# Simply Trig Expression

1. Sep 25, 2007

1. The problem statement, all variables and given/known data

Simplify the expression:

cos(2sin^-1 (5x))

2. Relevant equations

Fundamental identities: 1 = sin^2 ϑ + cos^2 ϑ : I think you use this one?
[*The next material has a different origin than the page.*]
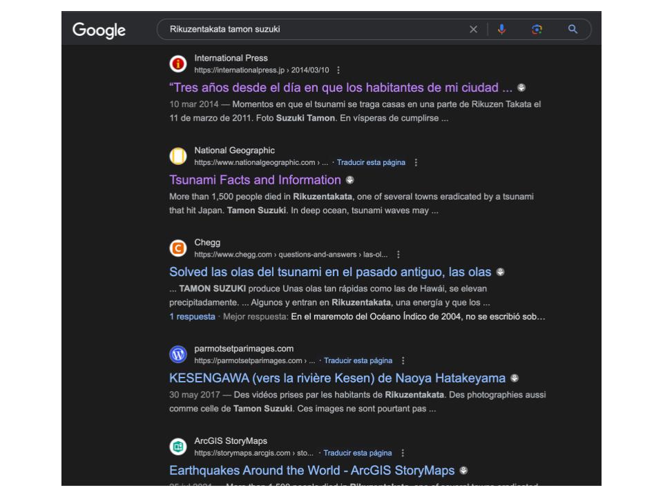 Una búsqueda inversa de imágenes en Google Lens con una captura de la foto superior, en la que se aprecia una ola de escombros cercando los jardines de dos viviendas, da entre sus resultados una web en la que datan la fecha de la fotografía el 11 de marzo de 2011, en Tohoku. Esa fecha es la del terremoto y posterior tsunami que arrasó la costa japonesa en la zona de Fukushima, una de las prefecturas de Tohoku, y que causó el accidente del reactor nuclear de esa localidad.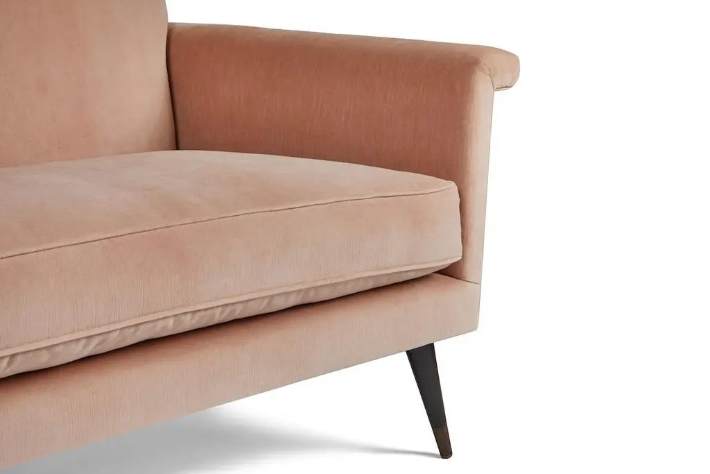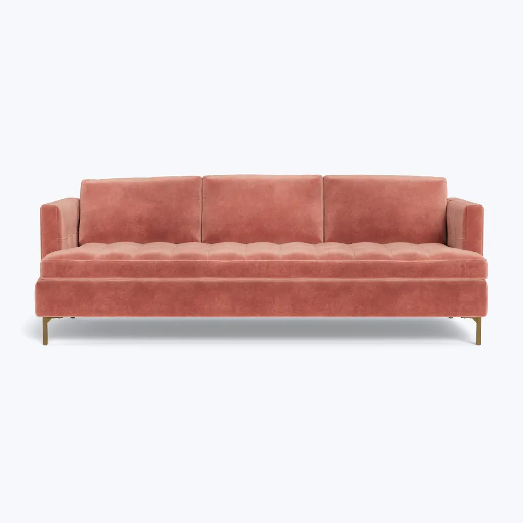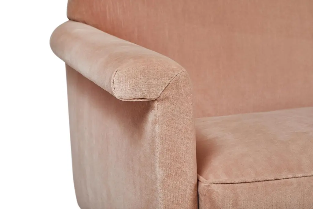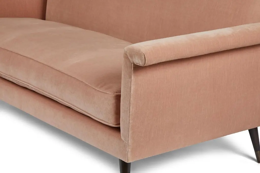 Martin & Brockett’s Jolly Sofa 72” is inspired in equal part by Italian modernism, streamlined comfort and the charming open-air beach car it’s named after. It’s elegantly folded edges meet a tight upholstered frame, loose bench seat cushion, and tapered legs with brass caps.H 34 in. x W 72 in. x D 36 in.Sold as C.O.M. only- 12 yardsPart of our Jolly Collection.Lead time: 9-10 weeks.

3. The attempt at a solution

Let y=2sin^-1(5x)
sin y = 10x

so, you plug in?
1 = 10x^2 + cos^2 y

not really sure if im on the right path or what to do next

2. Sep 25, 2007

### Avodyne

Do you know a "double angle formula" that expresses cos(2t) in terms of sin(t)?

3. Sep 25, 2007

cos 2t = 1 - 2sin²t

let t = sin^-1 5x
so sin t = 5x

cos 2t = 1 - 2(5x²)
cos t = ( 1 - 2(5x²) ) / (2)

is this correct?

Last edited: Sep 26, 2007
4. Sep 26, 2007

### Avodyne

cos(2t)=1-2(5x2) is almost correct; if t=arcsin(5x), what is sin2t ? But your last line is not correct. (Can you see why?) However, you don't need the last line; you have simplified the expression, and you're done!

5. Sep 26, 2007

sin²t = 5x²?

6. Sep 26, 2007

is cos 2t = 1 - 2(5x²) in simplest form? is that the answer?

7. Sep 26, 2007

### Avodyne

sin t = 5x, so sin2t=(5x)2=25x2.

But I'm sure you knew that ...

8. Sep 26, 2007

Oh duh, ok from the start:

cos(2 arcsin 5x)
Let t = arcsin 5x
so, sin t = 5x

Since cos 2t = 1 - 2sin²t

cos 2t = 1 - 2(5x)²
cos 2t = 1 - 2(25x²)

9. Sep 26, 2007

### Avodyne

That's it. You might want to simplify it further to 1-50x2, but that's a minor detail.